• _Required work_:
The reply should contain the full listing exactly as written and no pictures at all.

[[ Given data, beginning ]]

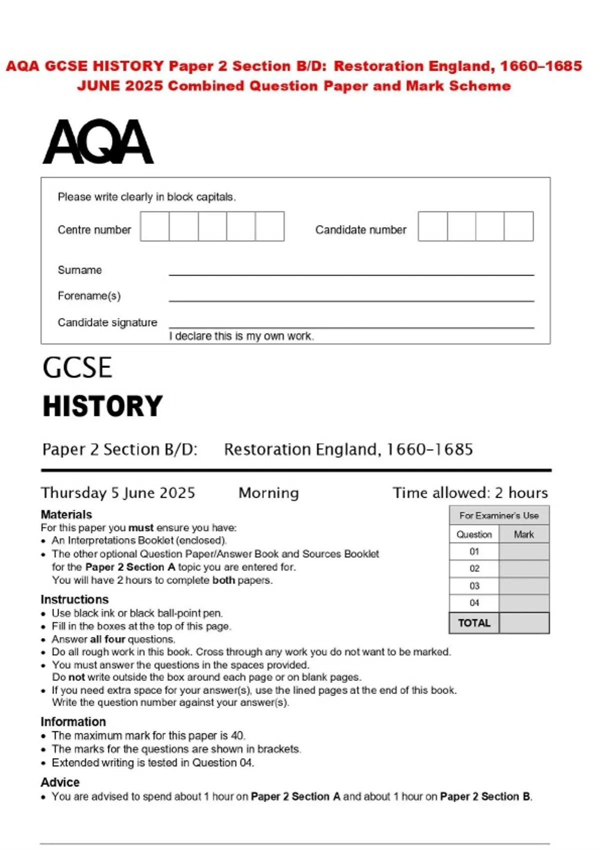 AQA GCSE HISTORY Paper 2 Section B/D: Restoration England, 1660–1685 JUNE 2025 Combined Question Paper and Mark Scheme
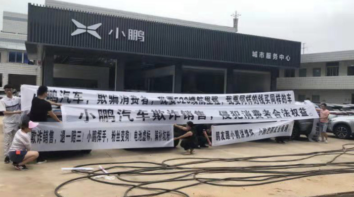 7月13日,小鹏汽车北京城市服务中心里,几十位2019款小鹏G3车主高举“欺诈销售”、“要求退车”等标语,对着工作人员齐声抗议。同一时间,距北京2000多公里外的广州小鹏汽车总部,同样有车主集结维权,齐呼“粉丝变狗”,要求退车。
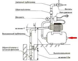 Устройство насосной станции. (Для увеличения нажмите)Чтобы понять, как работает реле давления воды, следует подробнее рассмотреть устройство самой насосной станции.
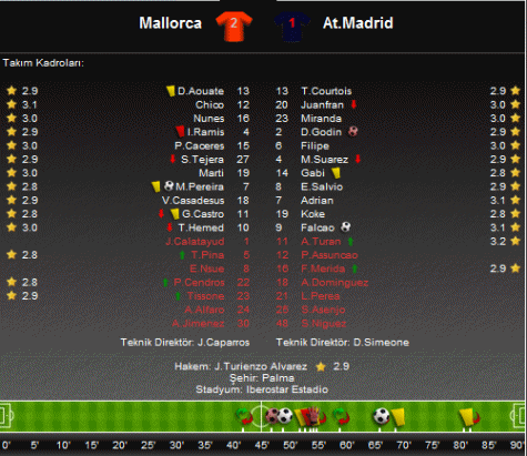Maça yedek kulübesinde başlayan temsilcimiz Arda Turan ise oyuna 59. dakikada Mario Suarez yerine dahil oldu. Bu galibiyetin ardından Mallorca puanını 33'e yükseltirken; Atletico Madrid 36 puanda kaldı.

[[ Given data, end ]]

• _Solution to this task_:
 AQA GCSE HISTORY Paper 2 Section B/D: Restoration England, 1660–1685 JUNE 2025 Combined Question Paper and Mark Scheme
 7月13日,小鹏汽车北京城市服务中心里,几十位2019款小鹏G3车主高举“欺诈销售”、“要求退车”等标语,对着工作人员齐声抗议。同一时间,距北京2000多公里外的广州小鹏汽车总部,同样有车主集结维权,齐呼“粉丝变狗”,要求退车。
 Устройство насосной станции. (Для увеличения нажмите)Чтобы понять, как работает реле давления воды, следует подробнее рассмотреть устройство самой насосной станции.
Maça yedek kulübesinde başlayan temsilcimiz Arda Turan ise oyuna 59. dakikada Mario Suarez yerine dahil oldu. Bu galibiyetin ardından Mallorca puanını 33'e yükseltirken; Atletico Madrid 36 puanda kaldı.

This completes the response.